They’re everywhere. You can’t avoid seeing them or hearing about them. Nearly every week there’s a new tabloid headline speculating on the existence or trumpeting the first photographs of a “baby bump” on another actress, singer or whatever it is Kim Kardashian is. The “news” that Kate Middleton, AKA the Duchess of Cambridge, bought a $55 blouse at a London maternity shop got more coverage this weekend on some media outlets than the battle between President Obama and the Republicans over sequestration.
I love babies and I appreciate that women give birth to babies, and some of those women are celebrities, but, so help me, if I have to listen to another TV commentator gush on about yet another “baby bump” I may just soil my diaper and cry.
Bonnie Fuller, the Canadian tabloid editor whose pursuit of photographs of pregnant celebrities is legendary, is generally credited with coining the term “baby bump” while at the helm of US Weekly in 2002. Some claim the term is older and originates in the U.K. But it was Fuller who made “baby bump” a pop-culture idiom and a cultural fetish.
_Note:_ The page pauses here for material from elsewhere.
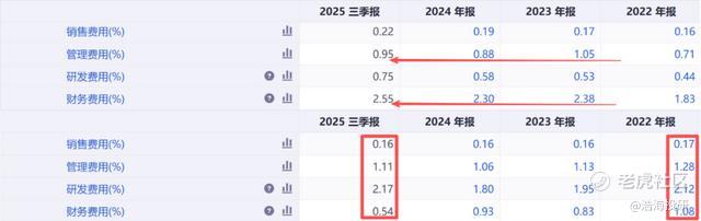 问题出在哪儿?首先是收入萎缩与成本刚性的矛盾。在PTA与PX价差持续收窄、涤纶库存高企的背景下,恒逸的炼化与聚酯板块难以放量提价,营收自然下滑。但与此同时,其四项费用率不降反升,财务费用因文莱项目贷款利息支出维持高位,管理费用随海外运营复杂度增加而上升,导致整体费用刚性凸显。当蛋糕变小,固定开支却没减少,利润空间就被进一步挤压。

Thanks a lot, Bonnie.
Yes, I am aware that previous generations of expectant mothers had to hide their pregnancies for fear of losing work, among other things, and that was bad. I am also in full agreement with the Pregnancy Discrimination Act of 1978 that forbids employers from firing employees for no other reason than the employee’s becoming pregnant. No one, myself least of all, is asking women to hide the outward appearance of their expanding uterus. Pregnancy, the condition, is a beautiful thing; pregnancy, the giddy, glorified celebrity status, not so much. Must we hear about every “baby bump” that strolls along Hollywood Boulevard or gets exposed on some beach in the Maldives? I’ve never even heard of some of these “celebrities”, which is why I suspect in my most cynical moments that getting pregnant may rapidly be becoming a career move for attention-starved actresses. Exclusive baby photos, anyone?
Duchess Kate, Kim, Fergie, Jessica Simpson, Kristen Bell, Busy Philipps, Malin Akerman (who?) and all the other “baby bump”-ers: best wishes and good luck; I hope you all have healthy, happy babies. But forgive me if I’m not interested in hearing about them or their effect on your choice of beachwear.